Shaheen Pasha, an American born to Pakistani immigrants, has remembered “the Landlady” a lot recently.
When her mother sat on the steps of a Brooklyn apartment building — jobless, penniless, and about to be homeless — the neighborhood mostly ignored her. And then a white woman — “the Landlady” — said she had a room and would provide shelter.
We were brown and poor with parents who spoke in funny accents and had old-fashioned ideas about clothes, culture and propriety. We were in a tug-of-war between two identities.
When I looked at my family and my community, I understood why we reeked of otherness to “real” Americans — a term I equated with blonde hair, white skin and pedigrees far removed from any foreign cultural influence.
Pasha didn’t know the Landlady’s name, but she’s thought about her a lot to remind her of the goodness in the world in the face of occasional evidence to the contrary in the United States of late.
But her own children, faced with that evidence, have come to question their own identity in the country, she writes today in the Dallas Morning News. And the memory of the unnamed landlady was no longer enough to sustain her.
She had to find her.
As I began my search, my mind flooded with memories and images that I hadn’t thought of in years. A marbled entryway and geometric tiles leading to a set of stairs. A mattress on the floor and our belongings scattered in a corner.
I jokingly told my brother the Landlady was haunting me, trying to help me find her. The first tangible clue came out of another jumbled flash of recollections that hit me as I fed my toddler a dinner of chicken curry and roti. I remembered an envelope in a stack of mail and the name Dorothy.
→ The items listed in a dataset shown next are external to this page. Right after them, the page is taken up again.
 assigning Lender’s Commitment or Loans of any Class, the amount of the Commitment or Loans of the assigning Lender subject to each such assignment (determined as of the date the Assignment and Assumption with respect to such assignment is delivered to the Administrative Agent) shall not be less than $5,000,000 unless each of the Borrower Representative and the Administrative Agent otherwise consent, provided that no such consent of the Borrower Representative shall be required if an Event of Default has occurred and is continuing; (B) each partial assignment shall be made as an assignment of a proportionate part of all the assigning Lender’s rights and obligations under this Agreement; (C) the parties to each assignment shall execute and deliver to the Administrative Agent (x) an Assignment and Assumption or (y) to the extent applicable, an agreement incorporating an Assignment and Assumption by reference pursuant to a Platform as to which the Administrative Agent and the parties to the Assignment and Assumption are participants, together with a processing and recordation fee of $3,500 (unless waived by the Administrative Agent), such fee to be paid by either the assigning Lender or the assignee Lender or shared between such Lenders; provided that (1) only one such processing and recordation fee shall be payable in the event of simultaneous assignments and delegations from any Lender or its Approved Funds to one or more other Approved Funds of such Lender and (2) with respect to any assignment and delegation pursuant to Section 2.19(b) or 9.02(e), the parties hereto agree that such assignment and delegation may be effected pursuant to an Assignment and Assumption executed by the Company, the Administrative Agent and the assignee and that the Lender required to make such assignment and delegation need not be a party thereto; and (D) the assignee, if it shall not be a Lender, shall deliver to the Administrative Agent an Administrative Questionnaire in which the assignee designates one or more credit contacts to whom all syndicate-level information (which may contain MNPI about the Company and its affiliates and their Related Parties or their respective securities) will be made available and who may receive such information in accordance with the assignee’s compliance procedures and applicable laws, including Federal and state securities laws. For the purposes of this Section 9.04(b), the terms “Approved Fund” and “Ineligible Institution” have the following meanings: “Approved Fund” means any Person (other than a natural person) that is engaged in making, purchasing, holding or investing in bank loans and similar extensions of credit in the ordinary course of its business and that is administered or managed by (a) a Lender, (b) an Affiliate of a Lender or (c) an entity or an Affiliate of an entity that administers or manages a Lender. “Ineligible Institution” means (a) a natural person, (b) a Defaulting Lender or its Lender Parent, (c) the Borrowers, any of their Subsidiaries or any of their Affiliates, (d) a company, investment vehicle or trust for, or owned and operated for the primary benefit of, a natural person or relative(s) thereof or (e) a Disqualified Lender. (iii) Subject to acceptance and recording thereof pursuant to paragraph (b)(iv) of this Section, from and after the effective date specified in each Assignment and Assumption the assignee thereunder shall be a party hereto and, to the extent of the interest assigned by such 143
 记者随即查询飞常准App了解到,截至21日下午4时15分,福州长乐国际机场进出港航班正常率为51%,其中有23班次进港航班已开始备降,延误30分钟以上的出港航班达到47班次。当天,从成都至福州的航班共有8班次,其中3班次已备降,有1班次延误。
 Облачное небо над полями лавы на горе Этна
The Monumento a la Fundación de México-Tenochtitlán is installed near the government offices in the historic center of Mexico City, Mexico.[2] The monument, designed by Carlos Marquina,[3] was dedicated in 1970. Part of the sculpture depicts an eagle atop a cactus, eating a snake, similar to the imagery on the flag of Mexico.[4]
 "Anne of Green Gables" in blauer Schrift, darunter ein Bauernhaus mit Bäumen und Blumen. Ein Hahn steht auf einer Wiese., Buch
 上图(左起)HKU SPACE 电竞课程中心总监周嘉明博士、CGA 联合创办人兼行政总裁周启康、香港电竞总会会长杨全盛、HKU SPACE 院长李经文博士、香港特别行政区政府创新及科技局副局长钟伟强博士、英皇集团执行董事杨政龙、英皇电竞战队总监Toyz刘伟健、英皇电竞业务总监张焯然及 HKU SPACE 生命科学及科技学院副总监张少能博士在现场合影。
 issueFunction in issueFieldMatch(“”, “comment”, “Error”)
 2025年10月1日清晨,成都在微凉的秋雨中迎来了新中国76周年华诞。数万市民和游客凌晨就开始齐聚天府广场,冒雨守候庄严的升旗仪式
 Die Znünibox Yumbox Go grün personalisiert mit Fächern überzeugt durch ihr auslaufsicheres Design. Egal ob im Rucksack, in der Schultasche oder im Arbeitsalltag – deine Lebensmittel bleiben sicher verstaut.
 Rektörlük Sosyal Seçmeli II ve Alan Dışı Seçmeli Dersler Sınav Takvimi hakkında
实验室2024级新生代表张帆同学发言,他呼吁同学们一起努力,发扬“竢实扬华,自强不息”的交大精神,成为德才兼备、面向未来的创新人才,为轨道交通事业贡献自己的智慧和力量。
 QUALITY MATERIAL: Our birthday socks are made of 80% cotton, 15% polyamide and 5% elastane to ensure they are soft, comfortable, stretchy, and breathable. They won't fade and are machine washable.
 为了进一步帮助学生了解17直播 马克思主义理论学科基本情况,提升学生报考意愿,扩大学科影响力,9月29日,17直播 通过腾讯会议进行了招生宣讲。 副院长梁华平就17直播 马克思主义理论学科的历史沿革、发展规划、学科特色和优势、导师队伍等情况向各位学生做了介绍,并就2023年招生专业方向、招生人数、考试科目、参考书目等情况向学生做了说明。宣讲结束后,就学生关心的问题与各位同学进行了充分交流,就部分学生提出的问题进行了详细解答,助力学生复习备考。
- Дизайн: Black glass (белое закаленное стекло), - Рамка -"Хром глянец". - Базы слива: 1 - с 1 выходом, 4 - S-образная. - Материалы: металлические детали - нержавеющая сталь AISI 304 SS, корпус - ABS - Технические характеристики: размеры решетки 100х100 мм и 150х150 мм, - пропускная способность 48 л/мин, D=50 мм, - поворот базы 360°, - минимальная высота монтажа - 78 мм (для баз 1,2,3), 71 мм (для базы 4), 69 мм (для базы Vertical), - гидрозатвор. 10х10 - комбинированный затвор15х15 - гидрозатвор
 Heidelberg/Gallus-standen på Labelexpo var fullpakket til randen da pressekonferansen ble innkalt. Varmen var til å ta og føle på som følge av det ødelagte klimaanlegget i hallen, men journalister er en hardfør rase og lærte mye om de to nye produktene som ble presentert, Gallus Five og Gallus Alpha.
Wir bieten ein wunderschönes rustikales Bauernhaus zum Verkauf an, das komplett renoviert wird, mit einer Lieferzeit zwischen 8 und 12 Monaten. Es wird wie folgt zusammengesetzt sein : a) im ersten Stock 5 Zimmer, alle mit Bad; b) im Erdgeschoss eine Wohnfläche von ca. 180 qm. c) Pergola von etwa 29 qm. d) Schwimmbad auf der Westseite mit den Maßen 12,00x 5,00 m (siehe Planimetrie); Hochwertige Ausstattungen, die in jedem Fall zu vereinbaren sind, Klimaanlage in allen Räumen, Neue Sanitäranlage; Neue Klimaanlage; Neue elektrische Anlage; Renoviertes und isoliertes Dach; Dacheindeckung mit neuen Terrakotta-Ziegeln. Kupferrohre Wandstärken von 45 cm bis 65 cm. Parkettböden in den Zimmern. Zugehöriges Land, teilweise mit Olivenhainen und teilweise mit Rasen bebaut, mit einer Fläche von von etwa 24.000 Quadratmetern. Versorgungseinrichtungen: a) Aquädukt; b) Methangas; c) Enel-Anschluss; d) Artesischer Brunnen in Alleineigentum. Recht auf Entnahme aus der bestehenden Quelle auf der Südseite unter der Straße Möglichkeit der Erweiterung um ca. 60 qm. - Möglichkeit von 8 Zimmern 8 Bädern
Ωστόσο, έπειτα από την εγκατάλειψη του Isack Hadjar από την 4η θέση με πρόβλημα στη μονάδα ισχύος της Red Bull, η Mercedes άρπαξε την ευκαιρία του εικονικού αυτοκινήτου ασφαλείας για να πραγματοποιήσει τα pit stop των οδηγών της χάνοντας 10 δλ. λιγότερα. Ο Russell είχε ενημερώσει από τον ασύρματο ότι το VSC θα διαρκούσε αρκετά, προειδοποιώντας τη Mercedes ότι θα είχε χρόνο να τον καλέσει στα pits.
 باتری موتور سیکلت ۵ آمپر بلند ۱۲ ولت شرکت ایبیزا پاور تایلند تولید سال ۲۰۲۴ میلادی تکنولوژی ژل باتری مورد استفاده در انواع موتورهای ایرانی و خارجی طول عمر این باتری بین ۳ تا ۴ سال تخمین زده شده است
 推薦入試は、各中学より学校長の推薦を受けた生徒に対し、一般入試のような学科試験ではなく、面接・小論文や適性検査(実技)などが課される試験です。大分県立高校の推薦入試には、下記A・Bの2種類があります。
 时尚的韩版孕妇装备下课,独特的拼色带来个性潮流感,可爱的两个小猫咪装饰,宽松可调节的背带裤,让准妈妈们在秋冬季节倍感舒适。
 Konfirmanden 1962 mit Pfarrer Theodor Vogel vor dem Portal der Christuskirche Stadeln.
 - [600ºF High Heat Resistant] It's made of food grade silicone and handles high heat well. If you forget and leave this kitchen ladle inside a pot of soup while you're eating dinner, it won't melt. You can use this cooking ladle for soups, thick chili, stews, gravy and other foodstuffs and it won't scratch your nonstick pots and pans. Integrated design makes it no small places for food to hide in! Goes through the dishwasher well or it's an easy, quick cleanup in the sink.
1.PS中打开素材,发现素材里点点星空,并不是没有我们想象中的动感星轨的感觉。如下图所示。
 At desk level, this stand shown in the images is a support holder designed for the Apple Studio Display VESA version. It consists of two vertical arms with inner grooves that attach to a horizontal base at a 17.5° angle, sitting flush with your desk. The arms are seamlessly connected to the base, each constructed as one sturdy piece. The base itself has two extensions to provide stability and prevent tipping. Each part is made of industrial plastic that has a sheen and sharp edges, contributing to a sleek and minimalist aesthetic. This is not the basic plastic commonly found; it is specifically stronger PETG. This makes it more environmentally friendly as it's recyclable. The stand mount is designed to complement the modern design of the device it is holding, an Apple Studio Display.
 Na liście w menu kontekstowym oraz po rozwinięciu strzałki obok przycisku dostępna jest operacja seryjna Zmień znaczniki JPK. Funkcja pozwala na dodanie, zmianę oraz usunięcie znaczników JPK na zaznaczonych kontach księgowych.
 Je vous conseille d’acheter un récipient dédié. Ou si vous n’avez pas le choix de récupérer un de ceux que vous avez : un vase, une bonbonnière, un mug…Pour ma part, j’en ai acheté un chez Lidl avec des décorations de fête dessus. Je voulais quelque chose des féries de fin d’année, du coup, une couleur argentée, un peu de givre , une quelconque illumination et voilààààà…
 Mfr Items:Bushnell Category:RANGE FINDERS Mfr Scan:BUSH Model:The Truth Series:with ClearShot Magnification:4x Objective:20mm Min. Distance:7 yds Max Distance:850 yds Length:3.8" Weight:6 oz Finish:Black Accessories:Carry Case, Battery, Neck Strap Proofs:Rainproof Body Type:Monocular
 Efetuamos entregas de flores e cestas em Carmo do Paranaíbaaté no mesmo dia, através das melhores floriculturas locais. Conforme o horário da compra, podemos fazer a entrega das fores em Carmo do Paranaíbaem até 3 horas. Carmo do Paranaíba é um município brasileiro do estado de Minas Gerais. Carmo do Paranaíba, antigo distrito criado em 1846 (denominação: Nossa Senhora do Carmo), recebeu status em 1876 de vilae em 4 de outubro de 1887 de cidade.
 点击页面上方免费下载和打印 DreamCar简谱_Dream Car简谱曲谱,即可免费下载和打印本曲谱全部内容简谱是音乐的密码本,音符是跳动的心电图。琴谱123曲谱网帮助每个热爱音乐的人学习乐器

In Pakistani culture, she says, “Dorothy means a gift from God.”
After two weeks of searching, she researched real estate data in New York. She found death certificate. Her name was Dorothy Vollkommer. She died in 1985. She was from Pennsylvania.
Her name changed everything. She was no longer just the Landlady. She was a woman, born Dorothy Andrea in 1921 to German immigrant parents. The child of immigrants, just like me. While I grew up poor in Brooklyn, Dorothy’s childhood was spent in Portage, Pa., a small, struggling mining town.
She had married a Merchant Marine named Walter Vollkommer, and she had lost a little boy named Frederick, who died in 1939 from prematurity and a collapsed lung.
She looked for Dorothy’s relatives, finally getting a response from a niece of Dorothy’s in Portage, Pa.
A “Trump is president. Get over it!” billboard greeted her at the outskirts of town.
“I was a New York-bred liberal Muslim from a family of brown immigrants. What connection could I possibly find in rural Portage?” she writes.
Then she met Veronica.
“I feel like I’ve known you forever,” Dorothy’s niece said, laughing as we walked across the street to the Chatterbox, the town’s meeting spot for coffee and gossip. “But it makes sense in a way. I do believe that people don’t realize how valuable their lives are and how one life interconnects with so many others. People unknowingly depend on that one life and can make such a difference. In this day and age, it’s more important than ever to see how valuable the threads of life are and how connected we all are to each other.”
“We are a town made up of immigrants,” said Irene Huschak, president of the historical society in Dorothy’s hometown. “When you talk about Dorothy and what she did for you, this was the culture of the town. Strangers helping strangers, people taking others in, whether they had a boarding house or taking in family in bad times.”
Pasha says the experience forced her to confront her own biases. And when she visited Dorothy’s grave site, she said she realized the Landlady was still changing her life.